Table 2. Recall and precision for the customized natural language processing system, as compared to two common NLP tools (MetaMap and cTAKES).
NLP: natural language processing; cTAKES: clinical text analysis and knowledge extraction system
| Application | Recall TP/(TP+FN) | Precision TP/(TP+FP) |
| MetaMap | 0.51 | 0.75 |
| cTAKES | 0.46 | 0.85 |
| Customized NLP System | 0.99 | 0.99 |
The most common treatment site was whole brain RT, which was entered using 27 distinct terms for a total of 1063 times (Table 3).
Table 3. Variations in describing treatment site for whole-brain radiation therapy.

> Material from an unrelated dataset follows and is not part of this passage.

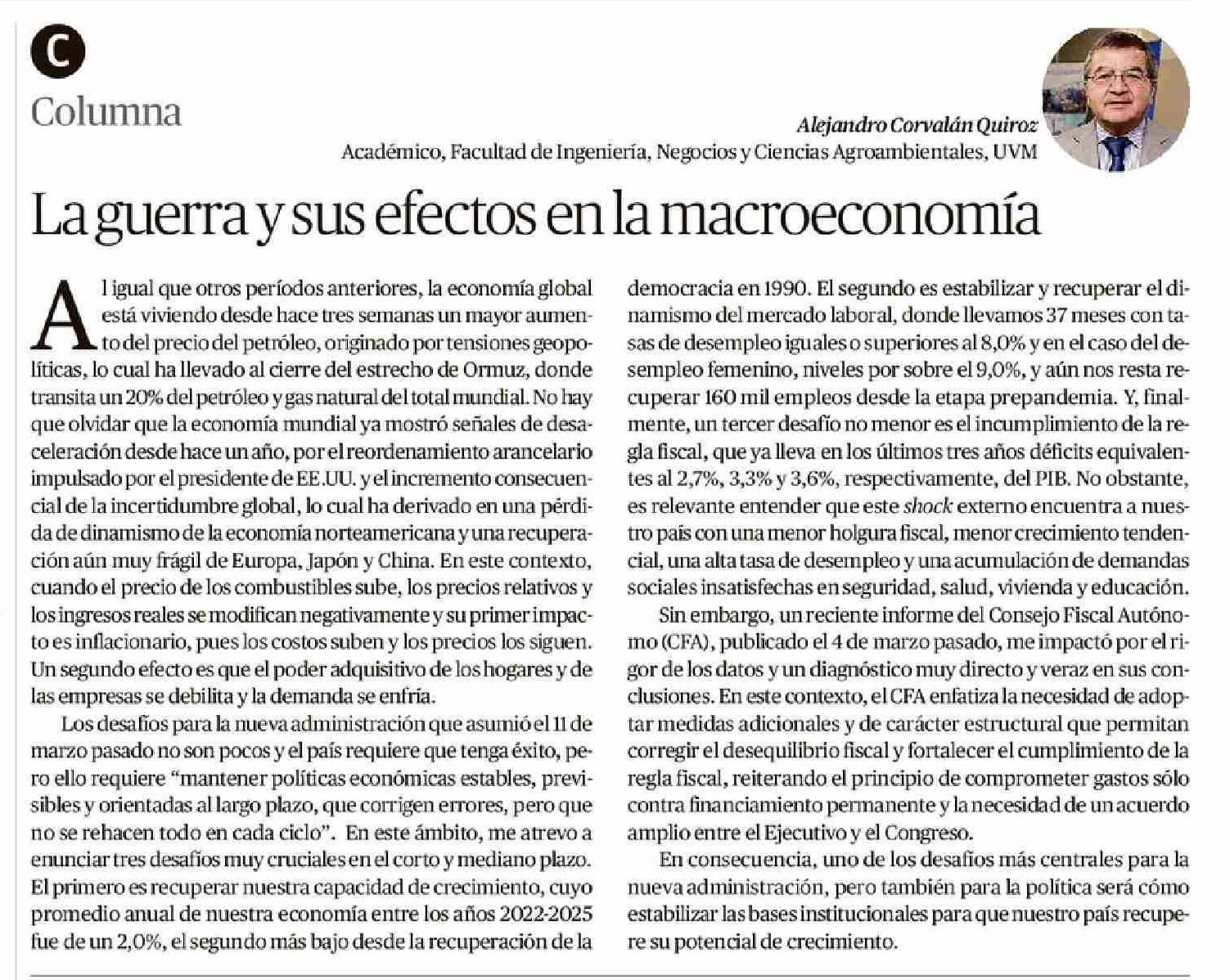 Título: COLUMNAS DE OPINIÓN: La guerra y sus efectos en la macroeconomía

PCI: percutaneous coronary intervention; WBRT: whole-brain radiation therapy; WBXRT: whole-brain radiotherapy
| Name | Frequency |
| Whole Brain | 298 |
| whole brain | 266 |
| Whole brain | 189 |
| WBRT | 128 |
| Brain | 113 |
| brain | 21 |
| wbxrt | 8 |
| WHOLE BRAIN | 6 |
| Whole brain 2 | 3 |
| whole brain PCI | 3 |
| whole Brain | 3 |
| Whole Brain #2 | 3 |
| Whole Brain PCI | 3 |
| Whole Brain Retreat | 2 |
| WHole Brain | 2 |
| whole brain 1 | 2 |
| Whole Brain RT | 2 |
| WBRT (PCI) | 2 |
| whole brain-2 | 1 |
| Whole Brain photons | 1 |
| PCI, whole brain | 1 |
| Whole brain/eyes/BOS | 1 |
| Whole Brain Proton | 1 |
| whole brain modulate | 1 |
| whole brain 2 | 1 |
| Whole brain Primary | 1 |
| Whole Brain-PCI | 1 |
Discussion
This study analyzed a cohort of RT treatment sites and developed a customized NLP system that can extract structured data with very high recall and precision compared to non-customized tools. A method to extract structured data from RT treatment sites has not been described in the literature.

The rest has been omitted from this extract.